DATASET RECORDS
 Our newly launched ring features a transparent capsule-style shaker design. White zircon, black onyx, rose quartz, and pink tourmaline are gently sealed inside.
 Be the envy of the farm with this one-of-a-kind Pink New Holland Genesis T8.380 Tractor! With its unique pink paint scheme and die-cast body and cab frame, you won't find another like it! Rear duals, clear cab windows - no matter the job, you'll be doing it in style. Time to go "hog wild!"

==

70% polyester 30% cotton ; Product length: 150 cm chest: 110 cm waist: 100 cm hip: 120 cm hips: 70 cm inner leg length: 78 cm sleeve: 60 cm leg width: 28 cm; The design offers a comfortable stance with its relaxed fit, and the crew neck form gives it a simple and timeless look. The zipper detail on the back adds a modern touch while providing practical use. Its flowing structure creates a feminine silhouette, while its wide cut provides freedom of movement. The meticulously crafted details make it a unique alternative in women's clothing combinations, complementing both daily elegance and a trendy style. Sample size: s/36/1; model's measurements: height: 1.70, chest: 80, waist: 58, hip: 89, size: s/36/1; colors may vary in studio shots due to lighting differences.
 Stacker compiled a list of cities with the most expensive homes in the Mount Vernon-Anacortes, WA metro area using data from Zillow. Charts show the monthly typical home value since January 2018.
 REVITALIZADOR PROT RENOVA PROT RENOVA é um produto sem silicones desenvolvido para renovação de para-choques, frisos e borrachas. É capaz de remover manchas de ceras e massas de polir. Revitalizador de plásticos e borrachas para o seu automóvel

* * *

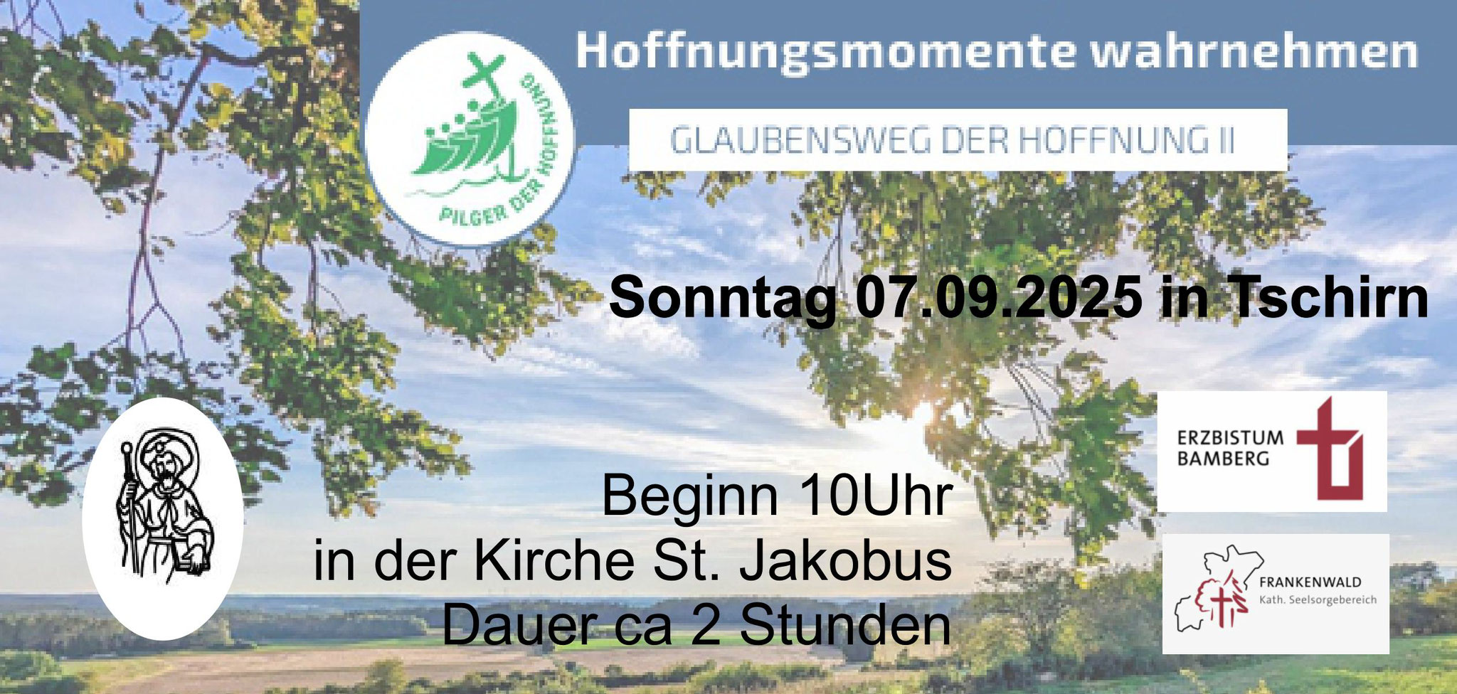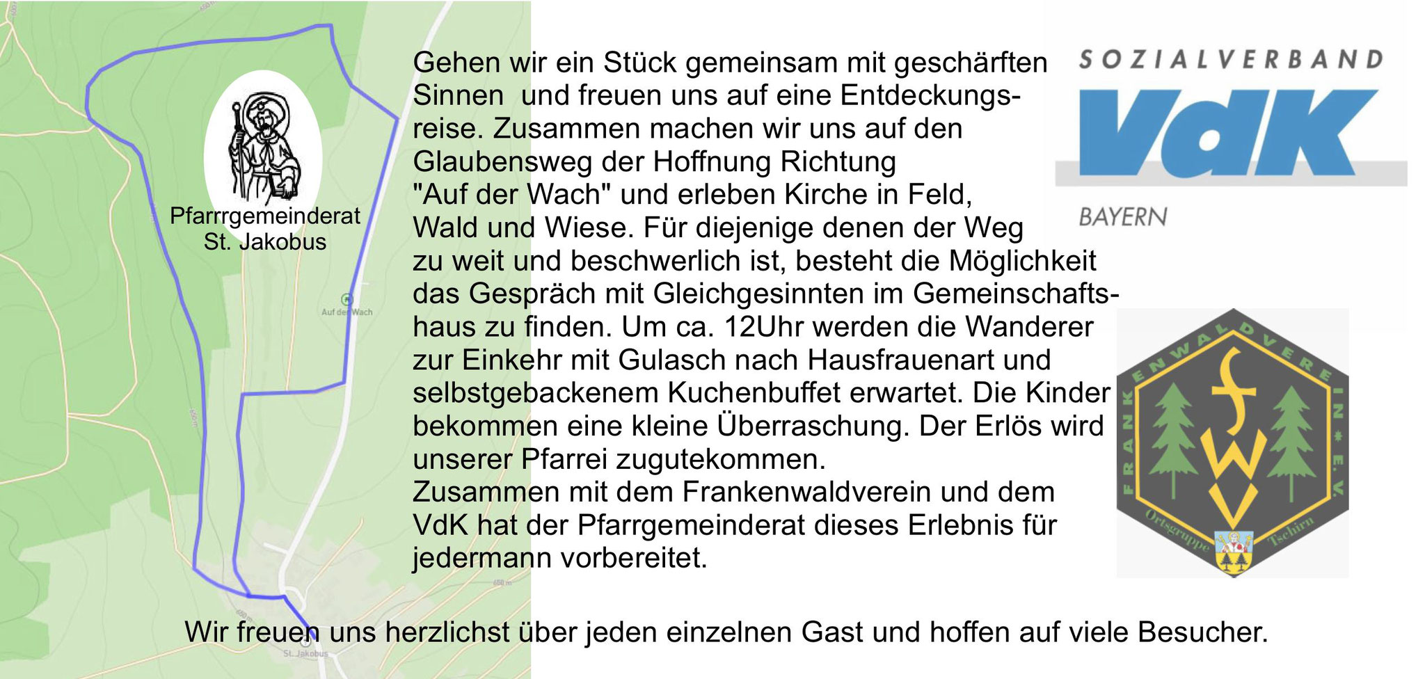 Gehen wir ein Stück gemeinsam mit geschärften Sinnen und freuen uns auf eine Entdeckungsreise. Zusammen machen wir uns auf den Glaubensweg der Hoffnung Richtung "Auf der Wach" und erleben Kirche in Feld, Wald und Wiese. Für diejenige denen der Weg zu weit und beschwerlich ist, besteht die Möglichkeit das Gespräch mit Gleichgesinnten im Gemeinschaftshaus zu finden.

WHAT IS NEEDED
Copy out each line of the listing that contains the word "pink".

SOLUTION FOR THIS EXERCISE
 Our newly launched ring features a transparent capsule-style shaker design. White zircon, black onyx, rose quartz, and pink tourmaline are gently sealed inside.
 Be the envy of the farm with this one-of-a-kind Pink New Holland Genesis T8.380 Tractor! With its unique pink paint scheme and die-cast body and cab frame, you won't find another like it! Rear duals, clear cab windows - no matter the job, you'll be doing it in style. Time to go "hog wild!"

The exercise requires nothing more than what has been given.